What is Hacktivism?
Hacktivism Meaning
Hacktivism describes cyberattacks performed with the goal of advancing political or social objectives. These acts often involve unauthorized system access, used not for financial profit, but to voice support for or opposition to causes, governments, or institutions.
The term is a fusion of “hack” and “activism” and was introduced in 1996 by a Cult of the Dead Cow member known as Omega. Since its inception, the term has come to represent a blend of digital protest and cyber interference.
What motivates Hacktivists
Modern hacktivists operate in well-organized, small teams with moderate to advanced technical skills.
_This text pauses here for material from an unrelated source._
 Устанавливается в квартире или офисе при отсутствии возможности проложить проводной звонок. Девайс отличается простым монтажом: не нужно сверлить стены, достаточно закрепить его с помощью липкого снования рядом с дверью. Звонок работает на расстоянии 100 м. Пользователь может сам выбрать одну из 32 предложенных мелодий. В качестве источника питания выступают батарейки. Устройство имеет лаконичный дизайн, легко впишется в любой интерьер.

Their motivations can be broadly categorized into four primary drivers:
Ideological
Ideological motivations are the primary reason for hacktivism activity. These groups usually target those they consider a threat to their beliefs, whether it be religious, ethical, or geopolitical. Ongoing global conflicts highlight how deeply rooted these ideological divides are.
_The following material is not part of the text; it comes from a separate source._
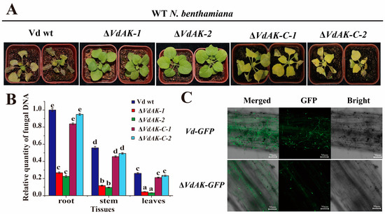 We further investigated the virulence of ΔVdAK, ΔVdAK-C, and wild-type Vd strains by inoculating 6-week-old seedlings of N. benthamiana with respective conidia. At 12 dpi, wilting symptoms and leaf necrosis were not visible on plants inoculated with ΔVdAK mutants, but symptoms were visible on plants inoculated with wild-type Vd (Figure 3A). The biomass of strain ΔVdAK was much lower in roots, stems, and leaves relative to that of the wild-type Vd (Figure 3B). Complementation strain ΔVdAK-C did not differ in virulence or biomass from the wild-type Vd (Figure 3A,B). Furthermore, hyphae of both Vd-GFP and ΔVdAK-GFP had colonized the roots by 5 dpi. Notably, spore germination was lower, and hyphae less abundant for the strain ΔVdAK-GFP than for Vd-GFP on the root surface (Figure 3C). In A. thaliana, strain ΔVdAK was less virulent and produced less biomass than did the wild-type and complementary strains, whereas the virulence of ΔVdAK-C and the wild-type Vd were equivalent (Figure S3A–C). Thus, these results confirmed that VdAK is indispensable for the full virulence of Vd.

For example, the pro-Russia collective NoName057(16) brands Ukraine’s supporters as allies of “Ukrainian nazis.” Meanwhile, GlorySec—a group reportedly originating from Venezuela—claims allegiance to Western values and brands itself as anarcho-capitalist. Their stated principles, centered on freedom and market liberalism and therefore place them in opposition to Russia, China as well as what they label “their proxy regimes” such as Cuba, Nicaragua, Houthi, Hezbollah, and Hamas.
Political
Although less frequent than ideological campaigns, politically motivated cyberattacks aim to alter policies or shape political narratives. One such example is SiegedSec’s attack on Project 2025—a conservative think tank. The group hacked and leaked a 200GB database, claiming that the initiative endangers abortion rights and the LGBTQ+ community. SiegedSec has also participated in operations like #OpTransRights, targeting U.S. institutions deemed hostile to transgender rights.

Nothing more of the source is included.